What to do. Transcribe the lines below exactly, beginning with the line that holds "Magnetic Case with" and ending with the final line, both included. Pictures are to be left out.

Dataset section.
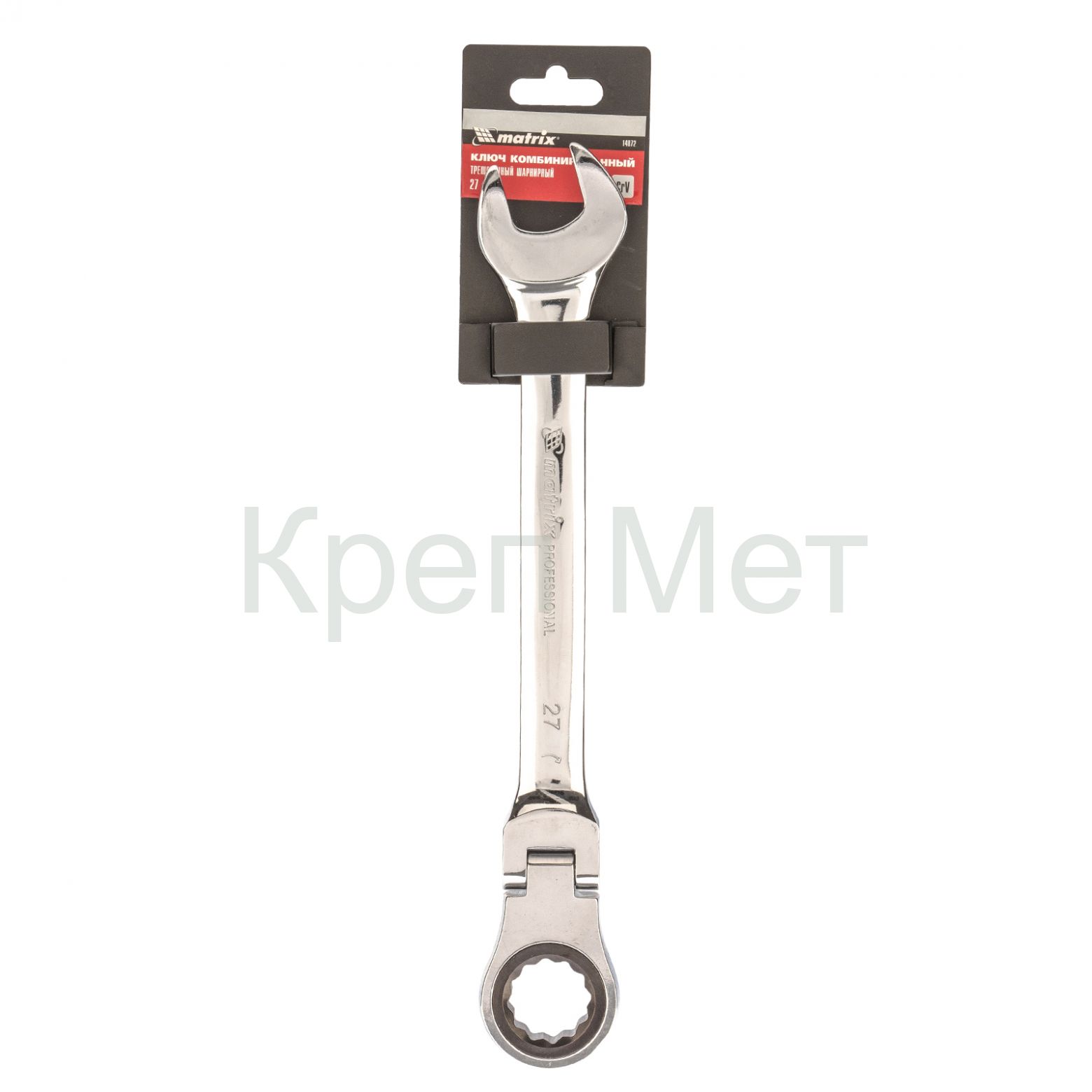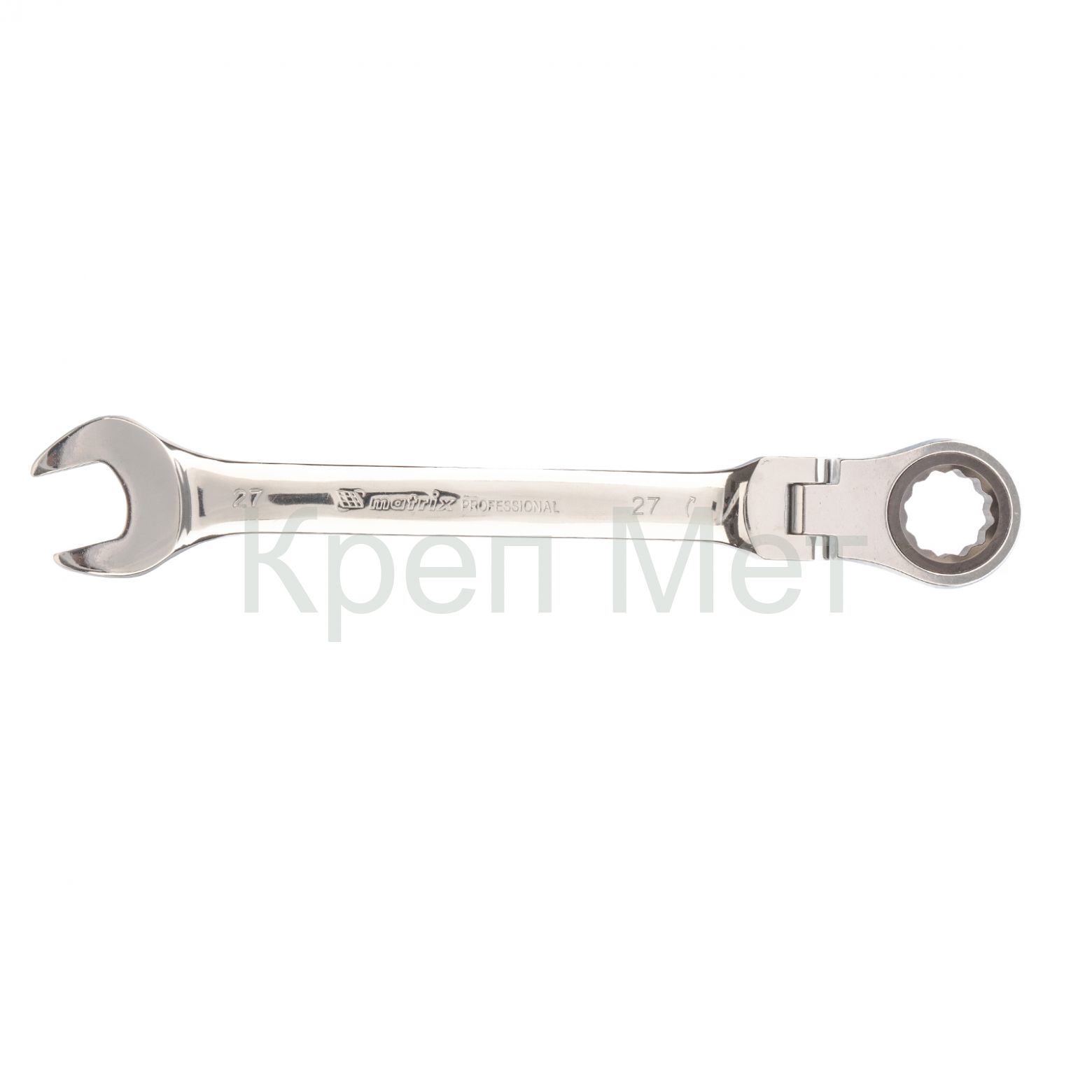Ключ комбинированный трещоточный, 27 мм, CrV, шарнирный, зеркальный хром Matrix
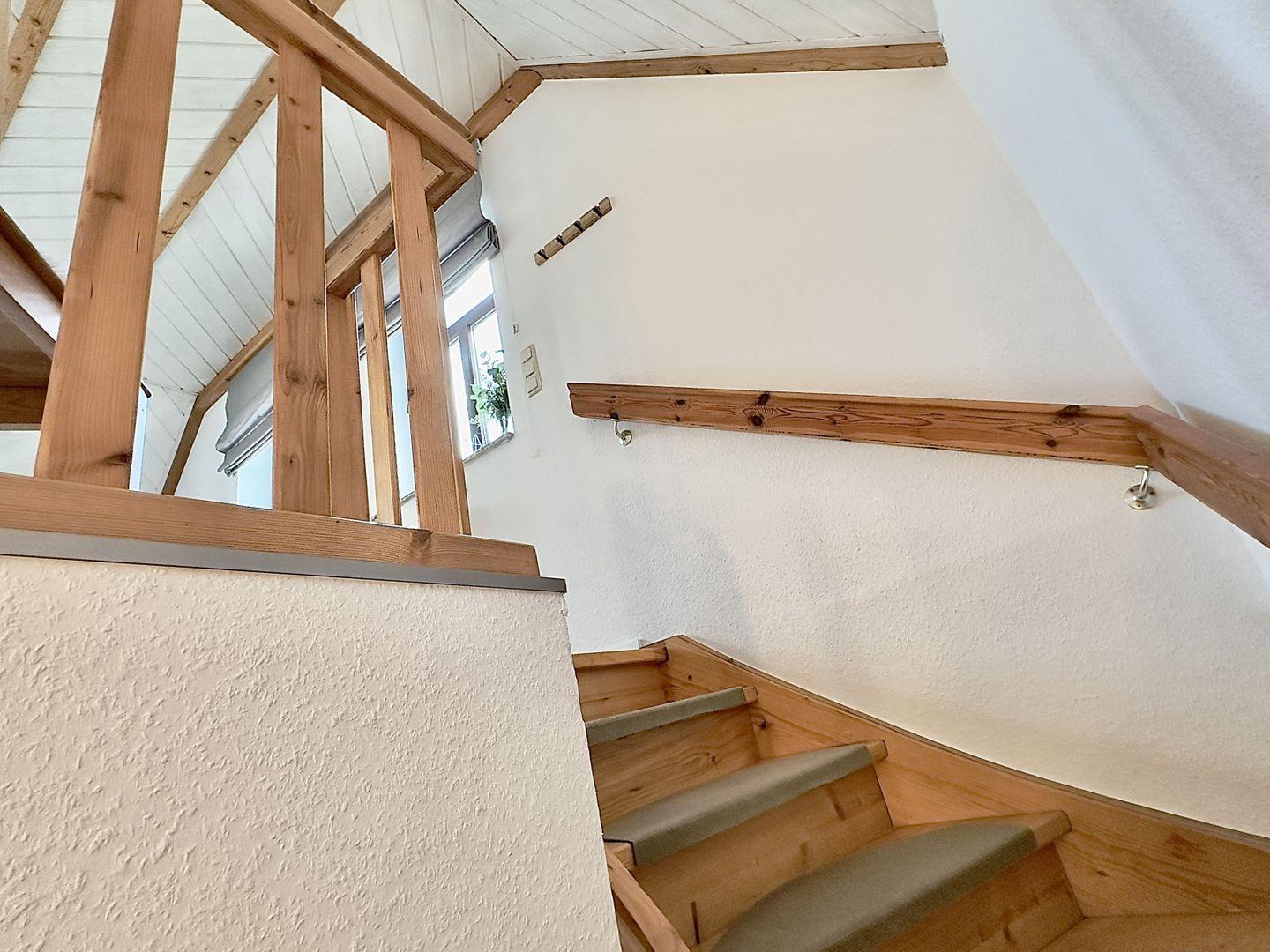 Natürliche Holzelemente und freiliegende Deckenbalken sorgen für ein behagliches, fast skandinavisch anmutendes Ambiente. Direkt neben dem Haus steht Ihnen ein eigener Parkplatz zur Verfügung – bequem und unkompliziert.
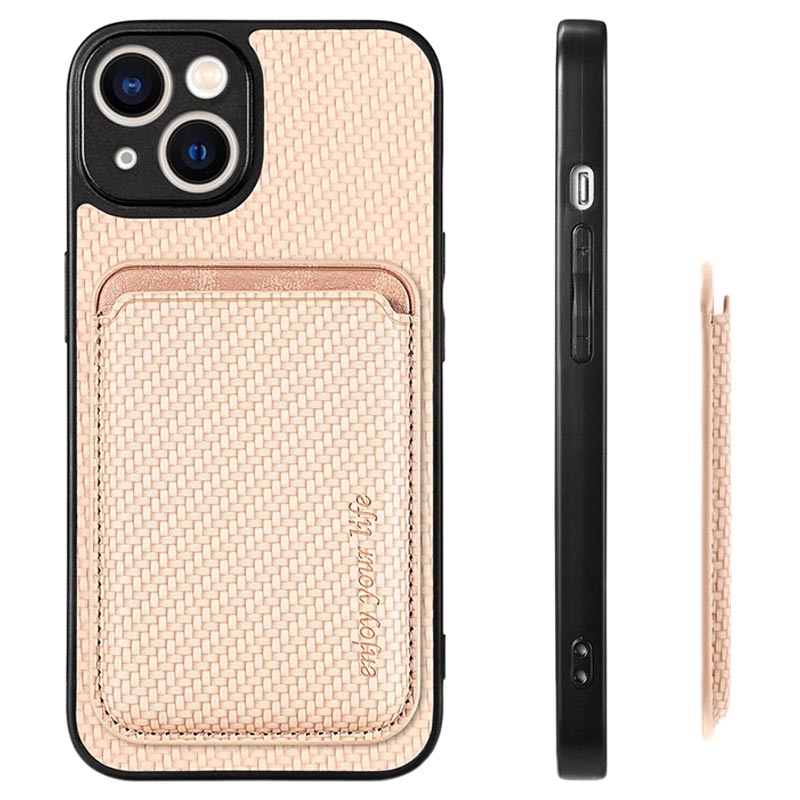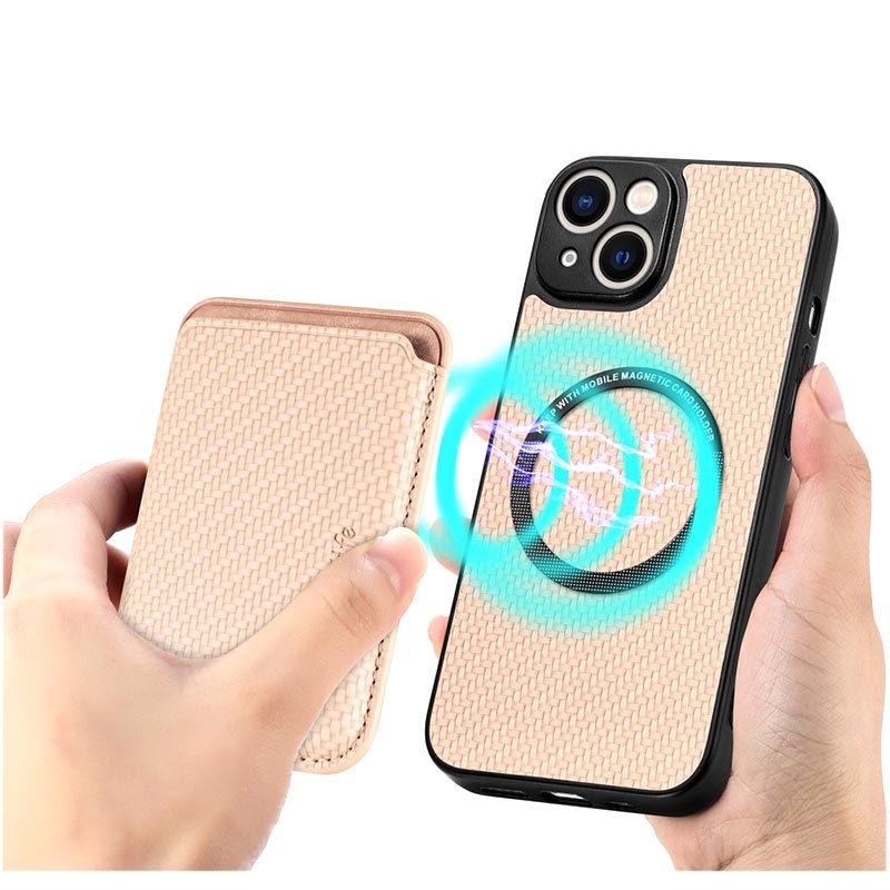 Magnetic Case with Card Holder for iPhone 15 Plus - Carbon Fiber
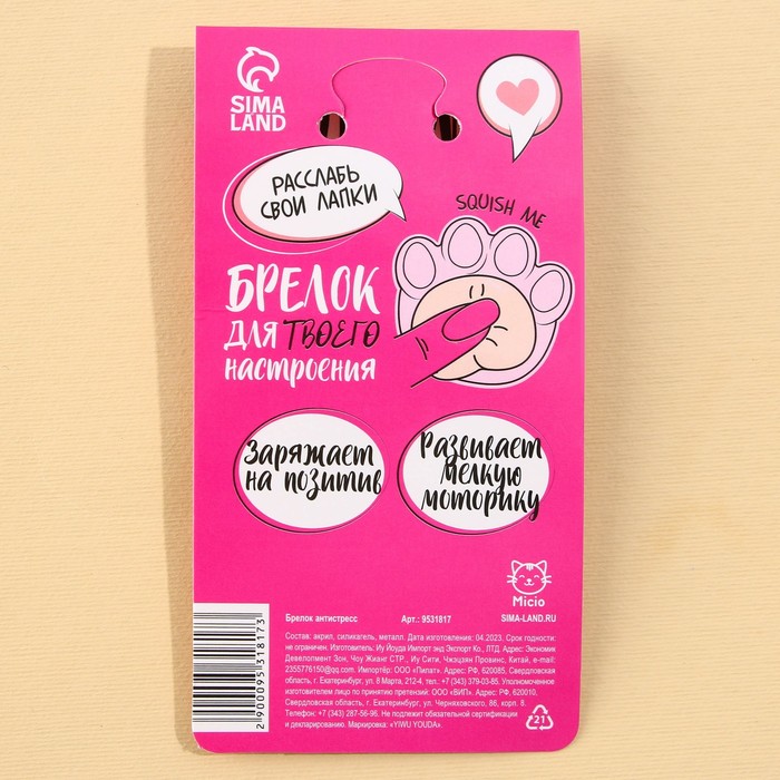 Брелок мялка для ключей «Лапка» 4.6×7 см

Finished exercise.
 Magnetic Case with Card Holder for iPhone 15 Plus - Carbon Fiber
 Брелок мялка для ключей «Лапка» 4.6×7 см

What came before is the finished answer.